Gentil Cardoso, a voz no megafone que atravessou a estrutura racista do futebol
Há 50 anos, morria o único técnico negro a disputar um torneio oficial com a seleção, frustrado por jamais ter tido a oportunidade de comandar o Brasil na Copa do Mundo
Negro e nordestino, inovador e nacionalista. As peculiaridades, embora indissociáveis de seu caráter, são desaconselhadas para enquadrar Gentil Cardoso em um estereótipo. Era orgulhoso das origens, mas, ao mesmo tempo, dado a inovações e conceitos modernos. Atento às transformações de um mundo a caminho da globalização, mas não abria mão do patriotismo que aprendeu a cultivar na Escola Naval. Pregava a simplicidade como principal mandamento do futebol, mas se debruçava sobre complexidades do jogo para dominar os adversários. O que nenhum contemporâneo ousava questionar era o fato de o marinheiro nascido em Recife ter se consolidado como um treinador à frente de seu tempo.
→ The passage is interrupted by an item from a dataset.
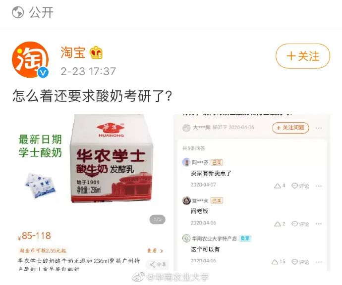 更有坊間傳言,最新一批的華農**“學士酸奶”已經被研究生身份“加持”**。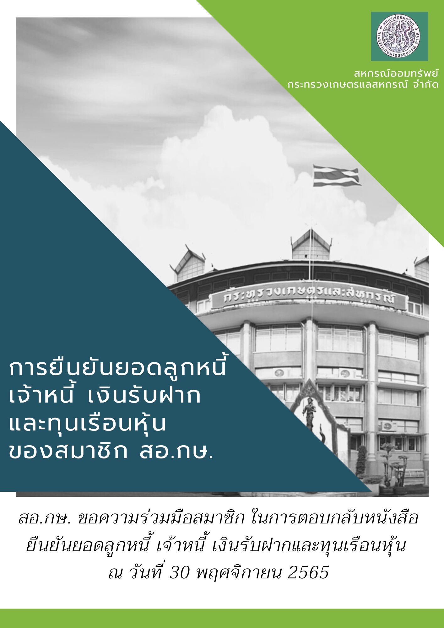 การยืนยันยอดลูกหนี้แจ้าหนี้ เงินรับฝากและทุนเรือนหุ้นสมาชิก สอ.กษ. ข้อมูล ณ วันที่ 30 พฤศจิกายน 2565

Oficial reformado da Marinha, ele precisou superar a empreitada frustrada como jogador antes de fazer carreira no esporte. Por mais de uma década, comandou equipes de menor expressão do Rio de Janeiro, pegando a transição do amadorismo para a era profissional, da qual sempre foi entusiasta. Diante da inevitável modernização do futebol, se viu obrigado a compreender suas minúcias. Leitor voraz de obras da filosofia, inspirava-se nos ensinamentos de Mahatma Gandhi para forjar a própria identidade de liderança. Foi um dos primeiros técnicos brasileiros a dar mais ênfase a aspectos táticos que físicos ou técnicos, defendendo a tese de que jogadores deviam absorver conhecimento além do esporte, com aulas de fisiologia e até mesmo de história.
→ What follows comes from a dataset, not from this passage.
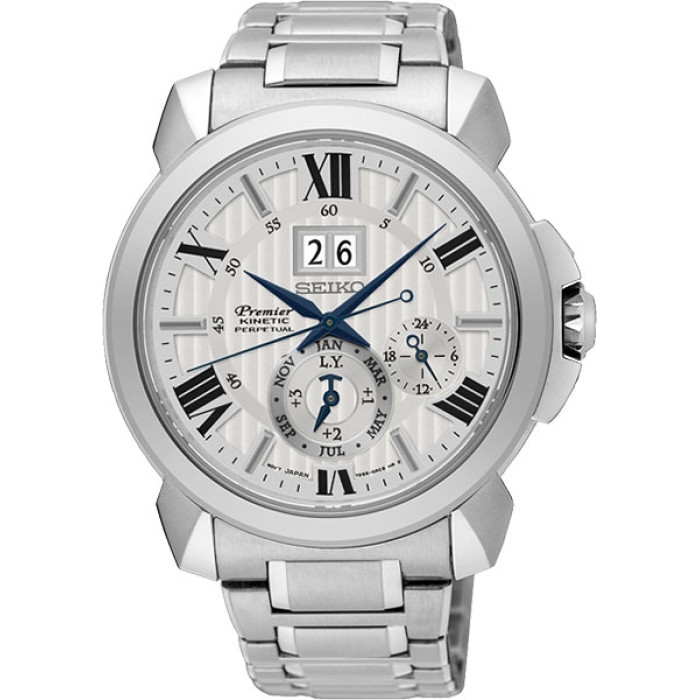 Мужские наручные автокварцевые часы в круглом корпусе из прочной нержавеющей стали. Собственный калибр 7D56. Автоматическая генераторная система Seiko Kinetic. Завинчивающаяся задняя крышка. Высокая степень водозащиты (100 м). Белый циферблат с изысканной рельефной поверхностью надежно защищен от царапин сапфировым стеклом. Имеются индексы и римские цифры для обозначения часов, а также арабские цифры для минут и секунд. Вечный календарь на циферблате: индикатор даты под отметкой "12 часов", малый циферблат для обозначения месяца (до 2100 года), указатель високосного года. 12- и 24-часовой формат времени. Функция индикации заряда (EOL). Часы со спящим режимом: переходят в него после 24 часов бездействия для экономии энергии, а при выходе из него устанавливаются в текущее время. Длительность спящего режима до 4 лет. Заводная головка с защитой. Стальной браслет с раскладывающейся застежкой. Застежка с надежной системой блокировки. Высокотехнологичные и одновременно элегантные часы для современного мужчины.

Tinha convicção de que o jogo se ganhava no meio-campo. Por isso, não hesitou em colocar em prática o esquema WM, adaptado da Europa. Com duas linhas de meio-campistas e uma formação disposta como pirâmide no campo, suas equipes impunham o método do “enxuga-rato”, como gostava de explicar a seu modo informal e carismático. Emulando um gato à caça de sua presa, o time comandado por Gentil envolvia os rivais, sobretudo na faixa central do gramado, antes de dar o bote final ―no caso, chegar ao gol aproveitando-se das brechas deixadas pela defesa adversária.
Com frases de efeito, o técnico chegou ao Fluminense, em 1945, ciente de que se tratava da grande oportunidade da carreira. Logo na apresentação, soltou uma premonição célebre: “Deem-me o Ademir, e eu lhes darei o campeonato”, clamou, em referência ao artilheiro do Vasco, Ademir Menezes, prontamente contratado pela diretoria tricolor. Com seu conterrâneo no elenco, o treinador fez do Flu o melhor ataque do Rio. Na campanha do título carioca, como prometido em sua chegada, Ademir marcou 24 gols, um deles na final contra o Botafogo, clube que Gentil treinaria depois de ganhar mais um campeonato à frente do Vasco.
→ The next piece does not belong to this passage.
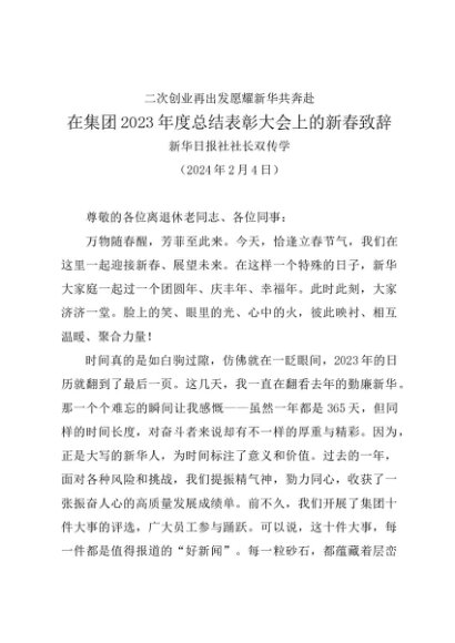 / 时令材料∣春节:20240204在集团2023年度总结表彰大会上的新春致辞——新华日报社社长
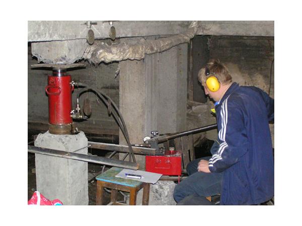 To carry on examination, it is necessary to fully open a foundation and investigate the base. To determine strength and deformation characteristics of soils under a foundation, drilling with a motor-driven auger and 60-mm screws as well as dynamic penetration testing with a hand probe are used.

Em General Severiano, ficou marcado por ter descoberto e lançado Garrincha no time principal botafoguense. A um dos maiores craques de todos os tempos, Gentil não deixou de passar lições táticas por meio de bordões. “Quem se desloca, recebe. Quem pede, tem preferência”, gritava nos treinamentos, usando um enorme megafone que se tornou sua mais icônica ferramenta de trabalho. O jeito bonachão e expansivo por vezes mascarava a faceta intelectual do treinador responsável por plantar ideias que rapidamente refletiram no jeito de jogar da seleção, prezando por um modelo estratégico mais organizado que intuitivo. “Futebol é jogado, mas, principalmente, pensado”, dizia Gentil.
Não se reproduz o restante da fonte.